In a second set of cases, inmates argued that a federal law protecting religious liberty allowed spiritual advisers to attend and observe executions.

In one such case last year, the Supreme Court let stand a ruling that halted the execution of an Alabama inmate, Willie B. Smith III, a Christian, unless the state allowed his pastor to be present.

“Alabama has not carried its burden of showing that the exclusion of all clergy members from the execution chamber is necessary to ensure prison security,” Justice Kagan wrote for four justices in a concurring opinion. “So the state cannot now execute Smith without his pastor present, to ease what Smith calls the ‘transition between the worlds of the living and the dead.’”

Mr. Ramirez’s case, Justice Kavanaugh wrote, represented a third kind of claim. “Ramirez not only wants a religious adviser in the execution room,” Justice Kavanaugh wrote. “He also wants the adviser to be able to engage in audible prayer and even to be able to physically touch him during the execution process.”

Justice Kavanaugh concluded his opinion with some advice to state corrections systems.
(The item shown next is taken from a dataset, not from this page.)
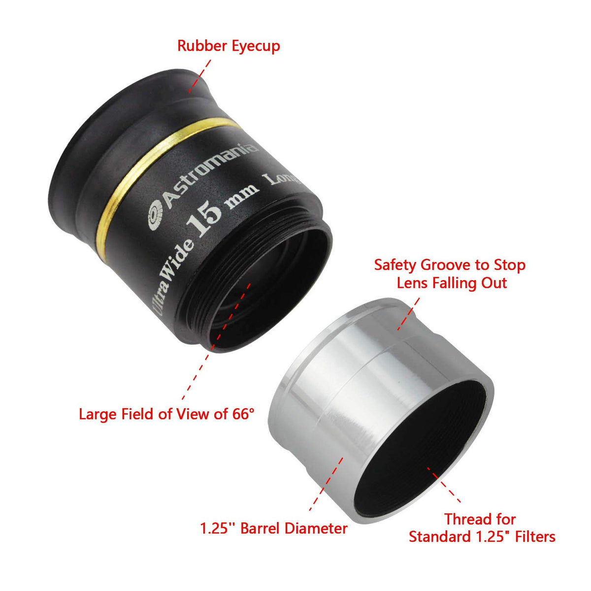 Q: What is the apparent field of view of the Astromania 1.25" 15mm eyepiece?A: The Astromania 1.25" 15mm eyepiece offers a generous 66-degree apparent field of view, allowing you to observe more of the night sky at once.

“To avoid persistent future litigation and the accompanying delays,” he wrote, “it may behoove states to try to accommodate an inmate’s timely and reasonable requests about a religious adviser’s presence and activities in the execution room if the states can do so without meaningfully sacrificing their compelling interests in safety, security and solemnity.”

“Doing so,” he wrote, “not only would help states avoid future litigation delays but also would serve the exceptionally powerful interests of victims’ families in finally obtaining closure.”